Start of DATASET EXTRACT
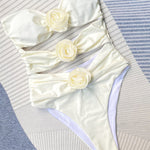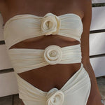 Radiate effortless elegance with the Isla Rose Cut-Out Swimsuit, a show-stopping one-piece that blends modern allure with romantic detail. Designed with sculpted side cut-outs and finished with delicate rose appliqués along the bodice and waist, this swimsuit highlights your figure with soft ruching and a flattering high-cut leg.
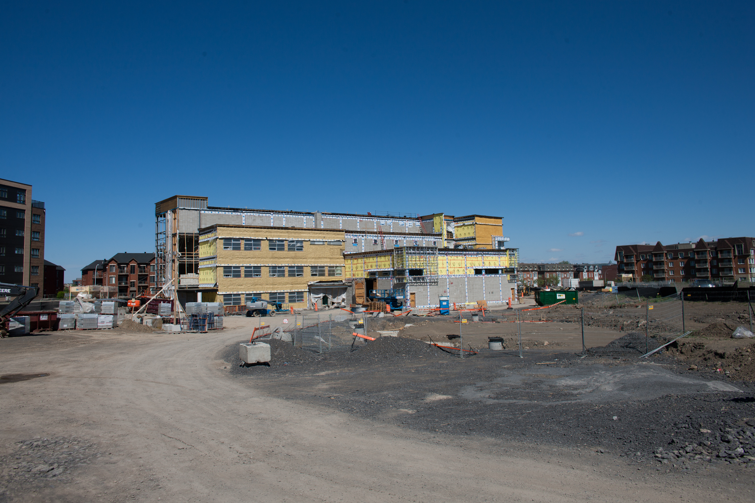 Pour l’instant, l’extérieur est loin d’être terminé. Lors de la visite de TC Media mercredi, les cages d’escaliers restaient à être emmurées et le recouvrement posé. La cour d’école ressemble encore à un immense carré de sable avec bien des camions, des bétonnières et des équipements divers.
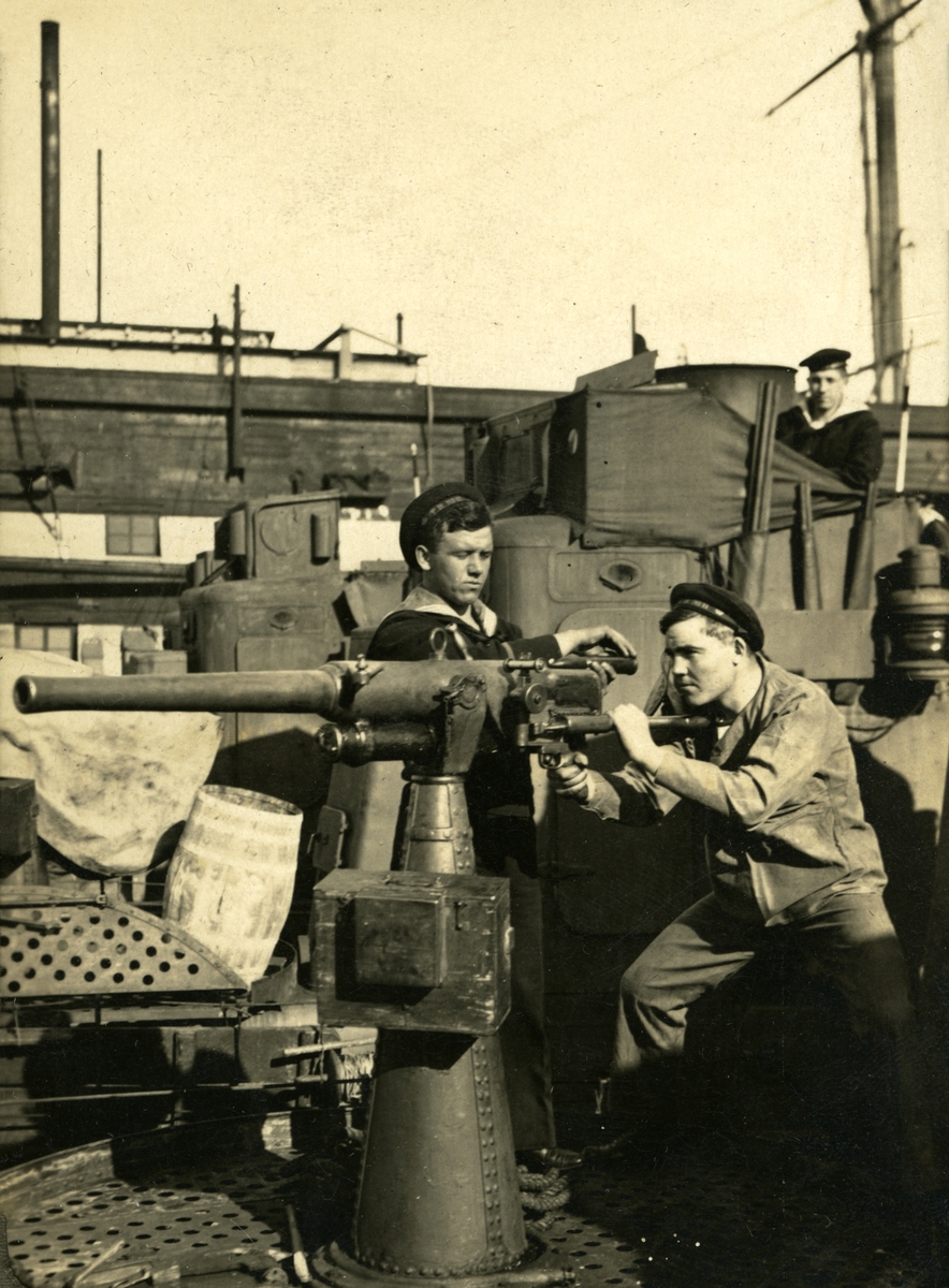 Sjömän ombord ett fartyg, sannolikt en torpedbåt.
End of DATASET EXTRACT
### EXERCISE DETAILS
Leave every picture out and copy precisely the lines from the one containing "Pour l’instant, l’extérieur" through the last line of the data above, both ends included.

### TASK SOLUTION
 Pour l’instant, l’extérieur est loin d’être terminé. Lors de la visite de TC Media mercredi, les cages d’escaliers restaient à être emmurées et le recouvrement posé. La cour d’école ressemble encore à un immense carré de sable avec bien des camions, des bétonnières et des équipements divers.
 Sjömän ombord ett fartyg, sannolikt en torpedbåt.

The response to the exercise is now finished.